Some users get along with one or the other, be nice to hear some one explain that away..


----------



## Jetster (Nov 5, 2011)

One reason I can think of as far as WD is they sell a lot of drives. Maybe why I see so many bad ones. I have seen Seagates with bad blocks but they kept on going. The failure rate of the companies may be similar. But just not my experance


----------



## micropage7 (Nov 5, 2011)

i got it fail just years ago WD 80gb and samsung
WD fail in a month and samsung in couple of months
but i guess theres so many reason why it fail, from build quality, shock, how long it has run, electric etc
i experienced seagate r.i.p too but since it over 5 years i guess its still normal


----------



## FreedomEclipse (Nov 5, 2011)

Ive had 2 Maxtors, 1 samsung, and 2 seagates fail on me.


----------



## Mussels (Nov 5, 2011)

only WD have failed on me, without user error (i dropped the drives etc) being involved.


----------



## D4S4 (Nov 5, 2011)

only a single maxtor in the past 8 years. why isn't it in the poll?


----------



## Deleted member 24505 (Nov 5, 2011)

Only fail i have had really was a samsung, click, click, click. Returned it for a replacement.


----------



## FreedomEclipse (Nov 5, 2011)

D4S4 said:


> only a single maxtor in the past 8 years. why isn't it in the poll?

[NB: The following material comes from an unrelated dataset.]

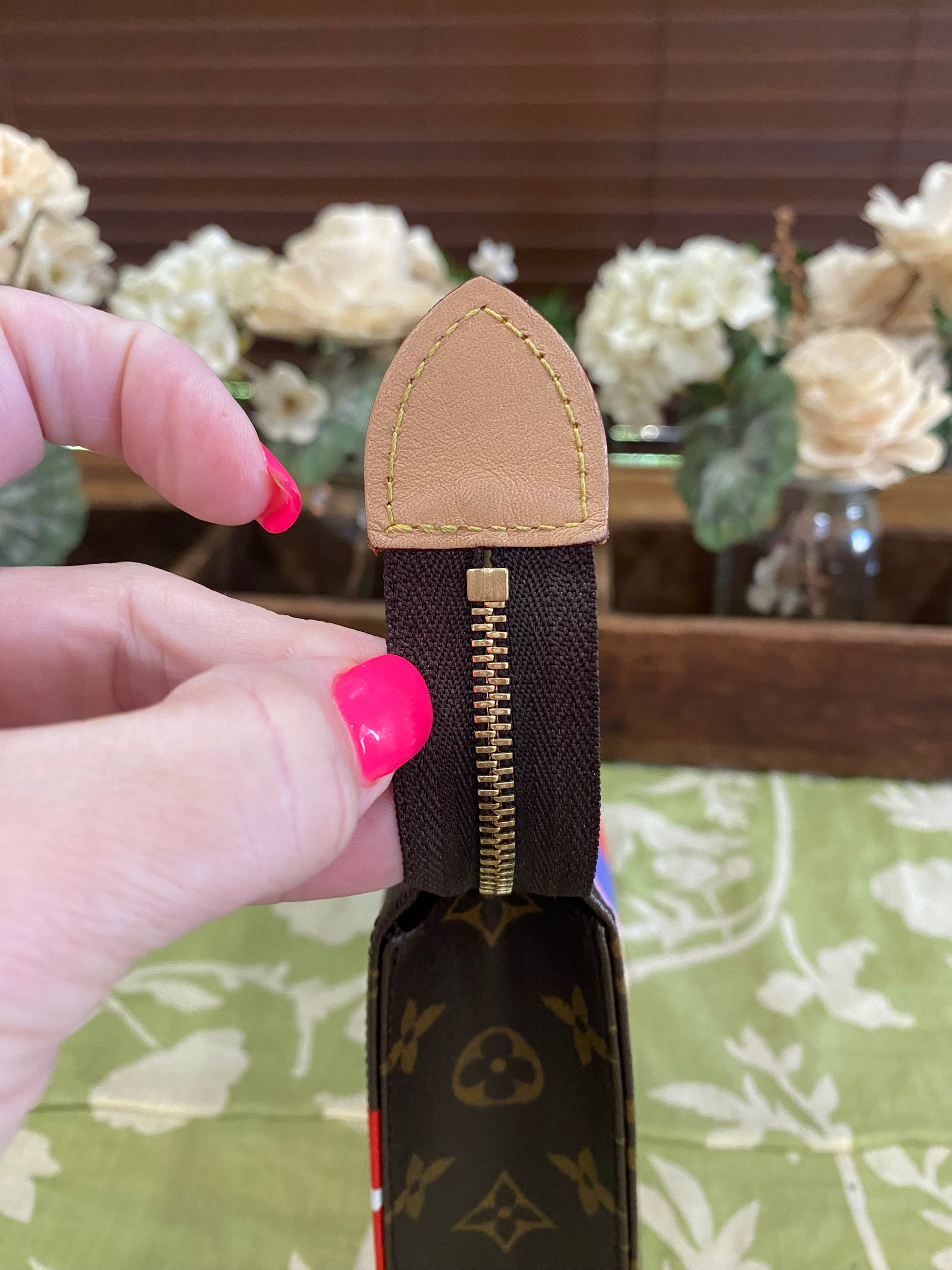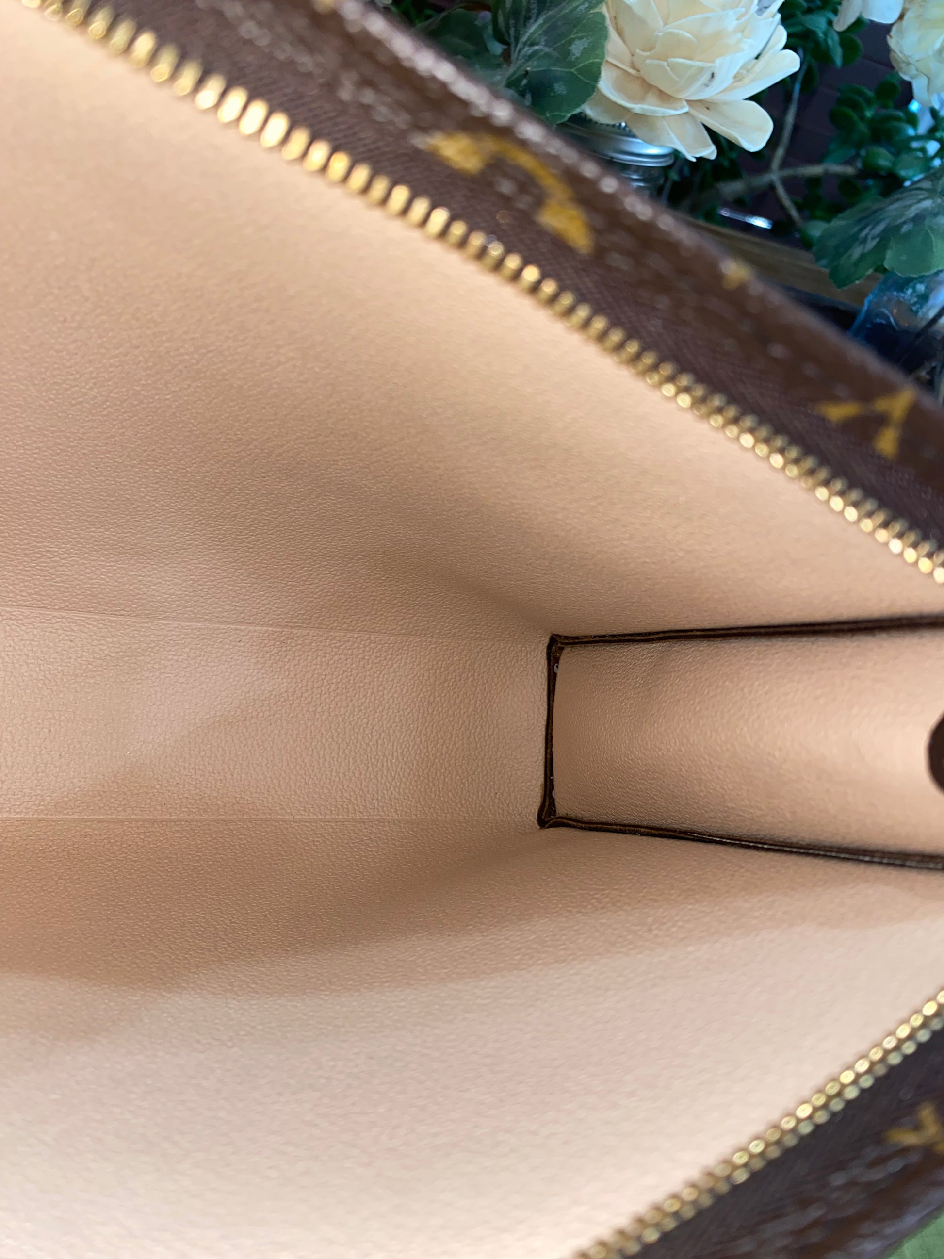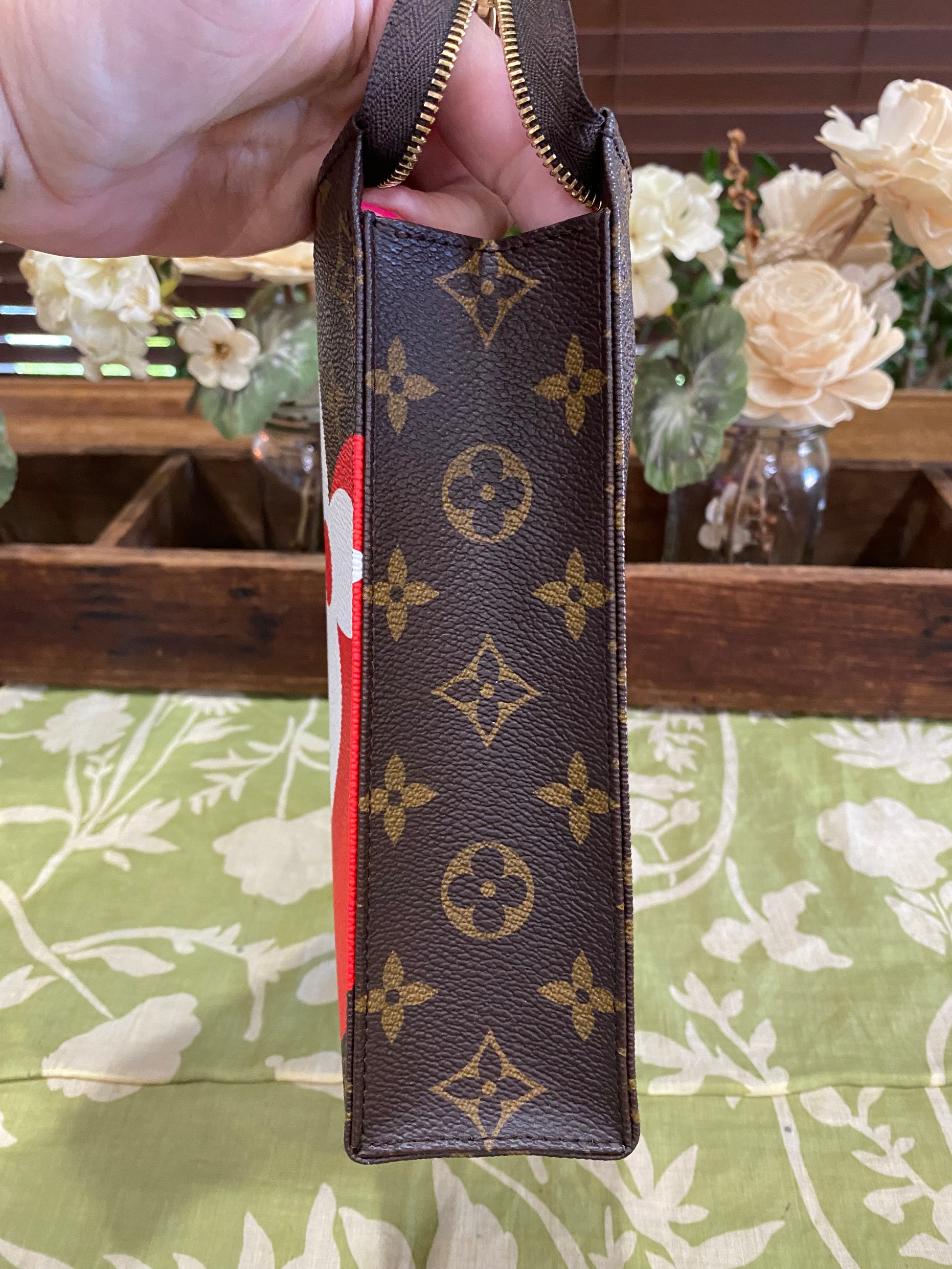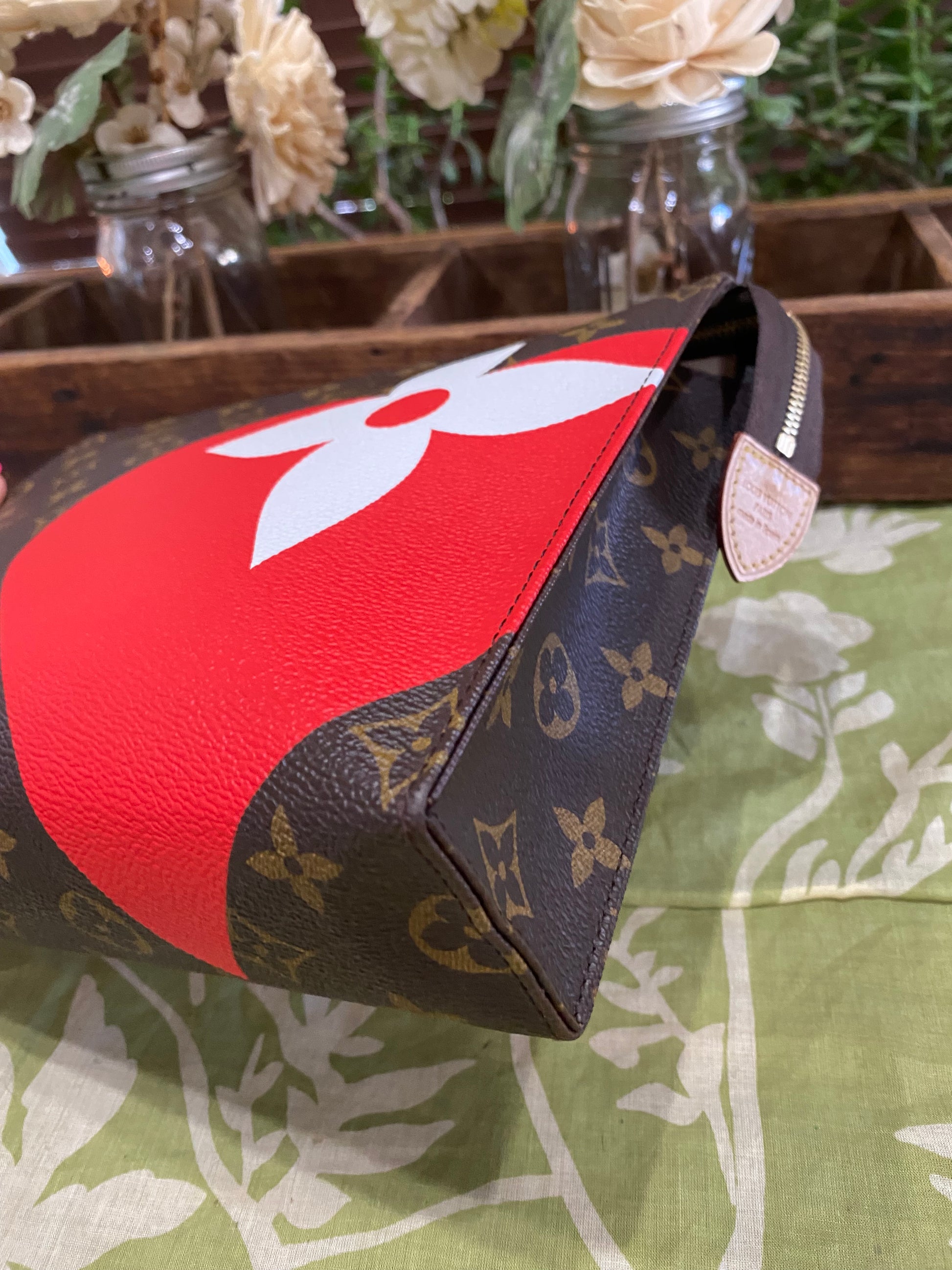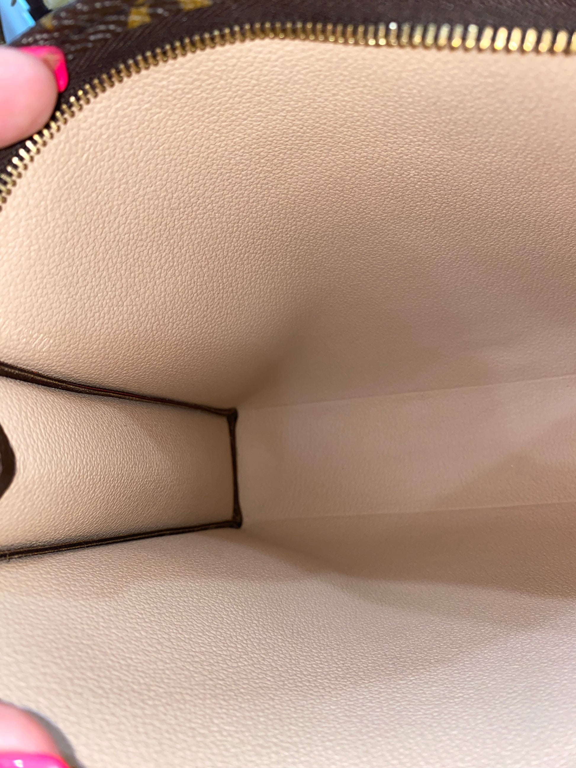 Excellent condition. No blemishes. Canvas is free of cracking or tears, print is vibrant, zipper is shiny and runs smooth, interior is free of stains, no foul smells. Comes with a non organizer, non brand strap, and dust bag.
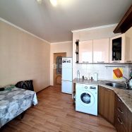 Двор ухоженный, закрытая придомовая территория с парковкой, детскими и спортивными площадками, видеонаблюдением. До пляжа 5 минут пешком.

Because Maxtor was aquired by Seagate. The only afaik the only common 'maxtor' related products out on the market now are their External drives, but even they arent as widely stocked as before.

Unfortunately Samsung suffers the same fate as Maxtor. Seagate has aquired samsungs HDD side of the business


----------



## bbmarley (Nov 5, 2011)

had a first gen ocz ssd turn to brick on me randomly 

never had a problem with samsung hds used a bunch over the years


----------



## adulaamin (Nov 5, 2011)

I've had 2 hard drives fail on me. The first one was a 1tb 7200.11 from seagate which lasted arnd 2 years. The second was a 1tb WD1001FALS which lasted arnd 1 1/2 years. It ran really hot I was surprised it lasted that long.


----------



## Batou1986 (Nov 5, 2011)

All, WD>Segate>Samsung>Others.


----------



## D4S4 (Nov 5, 2011)

hm... now i remember. damn i'm outdated 

btw i believe that his poll doesn't make much sense since seagate's and wd's are the most common, hence most failed discs...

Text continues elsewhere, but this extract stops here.